Like most REALTORS®, I work with both buyers and sellers. On the buying side, homebuyers in the Peninsula market right now — no matter what the buyers’ age or price range — seem to prefer to purchase renovated, like new “move-in ready” properties. Often this is attributed to the impact of HGTV, which is now recognized as THE most important trend driver (or “influencer” in the modern jargon) of interior design trends. Without question, properly priced properties with a “wow” factor — updated baths, new floor coverings and stainless/granite kitchens — will sell much faster than homes of comparable size and age that have not been updated. And that holds true even though these homes may be in excellent condition and are appropriately price-discounted for their lack of updates.

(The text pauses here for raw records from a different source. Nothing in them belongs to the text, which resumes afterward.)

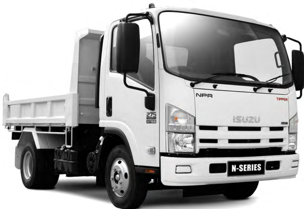
NPR 275 pictured

AUSTRALIA'S TOP SELLING TRUCK BRAND SINCE 1989. Truck tracker 2009.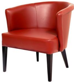
UB – Uph. Back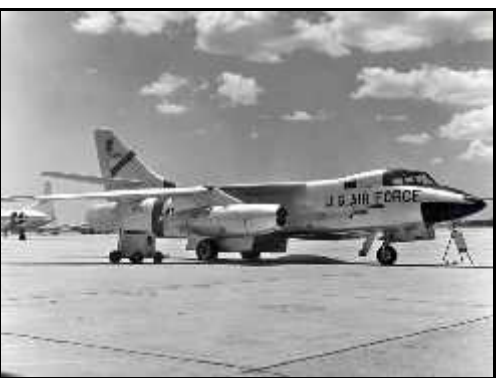
Douglas RB-66B Destroyer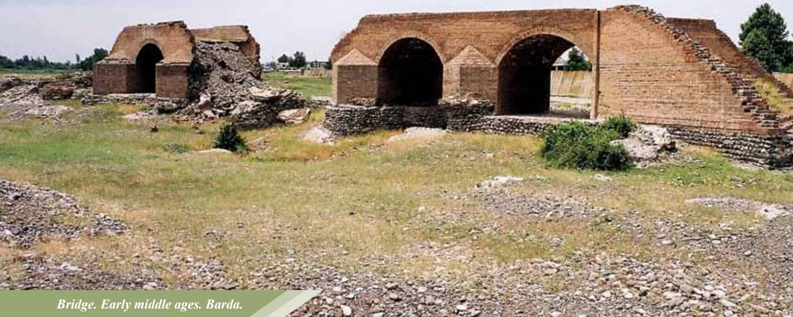
Bridge. Early middle ages. Barda.

the Dnepr and Don 14 . Karabakh was a destination for trade caravans from many countries, mainly Europe and the East. Karabakh markets were a popular transfer point and played an important part in the development of this part of Azerbaijan. This is why a large number of copper, silver and golden coins and five major hoards have been discovered here. A research of the coins has revealed that a local caulking iron appeared here in ancient times and existed until the 15 th century. Coins of many other countries were discovered in Karabakh as well, which is evidence of its participation in international commerce 15 .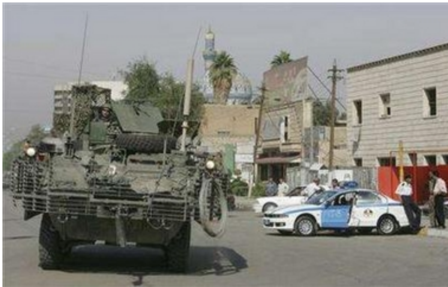
A U.S. armored vehicle patrols a road in Baghdad October 28, 2006.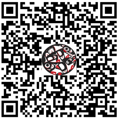
Gitanyow Tourism Website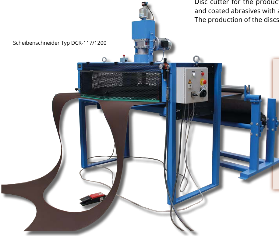
Scheibenschneider Typ DCR-117/1200

Disc cutter for the production of large discs (without center hole) of flexible and coated abrasives with a maximum diameter of up to 600 mm or 1200 mm. The production of the discs occurs directly from the abrasive rolls.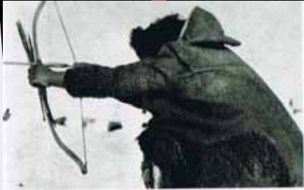
A Nathan Active Mystery

So what is a buyer to do, if they can’t find their “HGTV dream house,” but may have found a dated home that is in their desired community and neighborhood — an alternative that is priced right, but definitely needs remodeling to meet their needs? If it is just a matter of updating cosmetics and paint, that is a minor inconvenience that just needs a bit of imagination and will take a few evenings or weekends of effort. But what about the homes that need contractor kitchen and bath updates, new floor coverings throughout or perhaps a new roof? How can a buyer get a dream house out of a property that might not look like the right kind of dream? There are several options:
- Seller pays for the buyer-desired improvements, with contract price raised above listing price to cover the agreed-upon improvements. The buyer makes decisions regarding color and material selections. For the buyer, this is a great way to go. The benefit to them is that improvements are made prior to closing and move-in, and priced into the appraisal and loan. For the seller, it may not be a best bet. Besides the cash flow issue, and managing the work to be performed, the risk is that the improvements may be too tailored to a specific buyer’s taste. If the deal falls through for any reason, the seller needs to find another buyer — and hopefully isn’t carrying the cost of the improvements on a credit card balance!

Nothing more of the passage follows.